Condiciones anóxicas del Mar Negro preservan madera, mástiles y remos por miles de años

La principal diferencia del Mar Negro radica en su estructura química. Solo alrededor de 13% del volumen total del mar está oxigenado, mientras que el resto es anóxico, es decir, prácticamente sin oxígeno disuelto.

Por debajo de aproximadamente 150 metros, se establece una capa profunda donde los procesos biológicos y químicos que normalmente aceleran la descomposición orgánica se reducen drásticamente o simplemente dejan de ocurrir.

Esto impide la acción de organismos como gusanos de barco, gribbs y otros perforadores de madera que, en ambientes marinos normales, destruyen embarcaciones hundidas en pocas décadas o, en el mejor de los casos, en algunos siglos.

En las profundidades del Mar Negro, el escenario es otro. La ausencia de oxígeno ha transformado las aguas profundas en un verdadero museo submarino de la historia humana.
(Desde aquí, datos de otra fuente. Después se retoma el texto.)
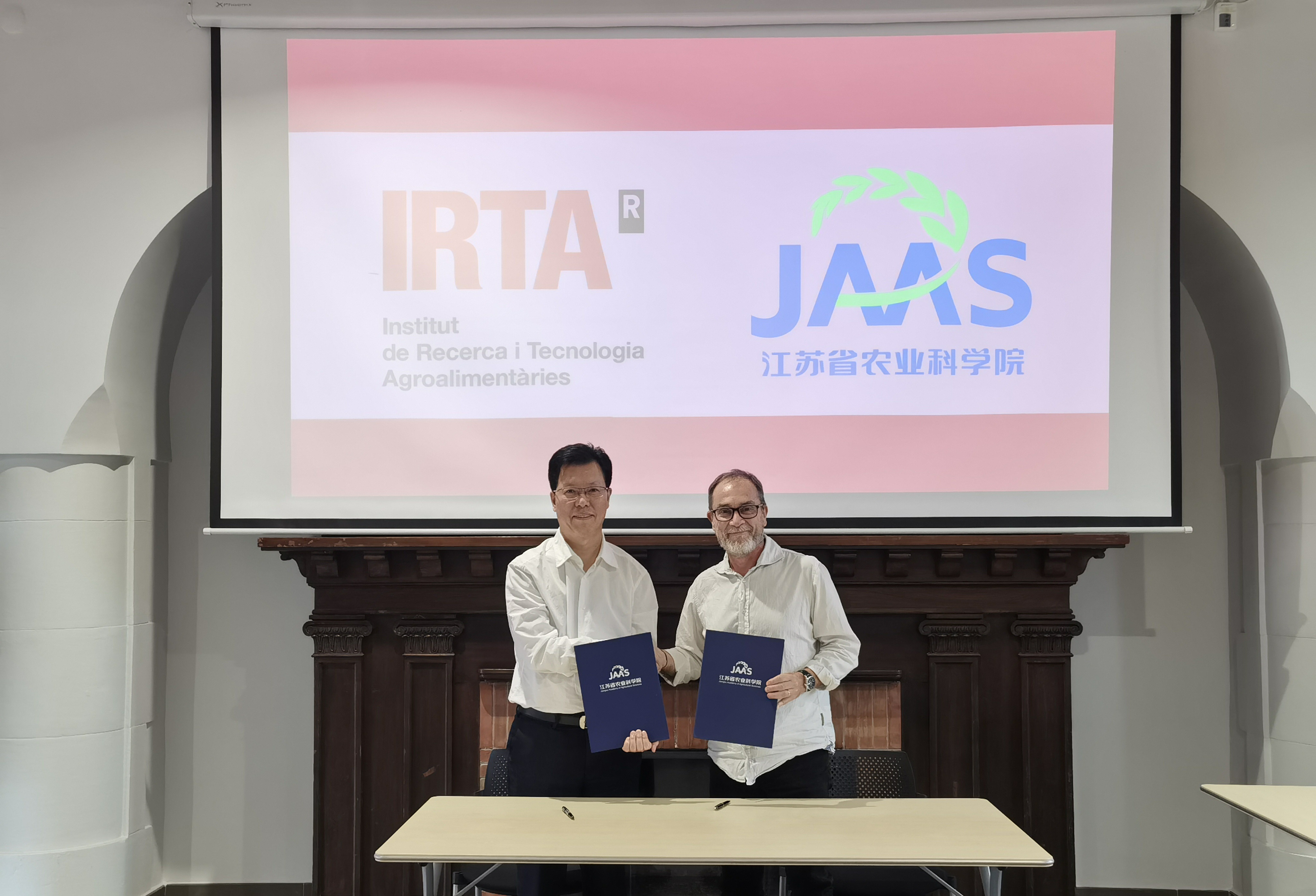 在西班牙农业食品研究技术院,王克华与Jordi Garcia Mas主任围绕双方科研合作方式与合作领域进行了深入交流,就人员互访交流、种质资源互换、重点领域联合攻关、加强技术交流合作等达成一致意见,共同签订《江苏省农业科学院和西班牙农业食品研究技术院合作谅解备忘录》。

Madera, fijaciones, marcas de herramientas, timones, mástiles, bancos de remeros, cargas y elementos decorativos pueden permanecer preservados por períodos extraordinariamente largos. En lugar de encontrar solo fragmentos de casco o acumulaciones dispersas de carga, los arqueólogos encontraron embarcaciones enteras, muchas de ellas en posición de descanso, aún reconocibles en su forma original.

Lo que en aguas poco profundas sería rápidamente destruido por corrientes, mareas, depredadores biológicos e impacto mecánico, en el fondo profundo del Mar Negro puede sobrevivir por más de dos mil años. Esta combinación de profundidad extrema, baja perturbación física y anoxia hace que el lugar sea uno de los entornos arqueológicos submarinos más valiosos del mundo.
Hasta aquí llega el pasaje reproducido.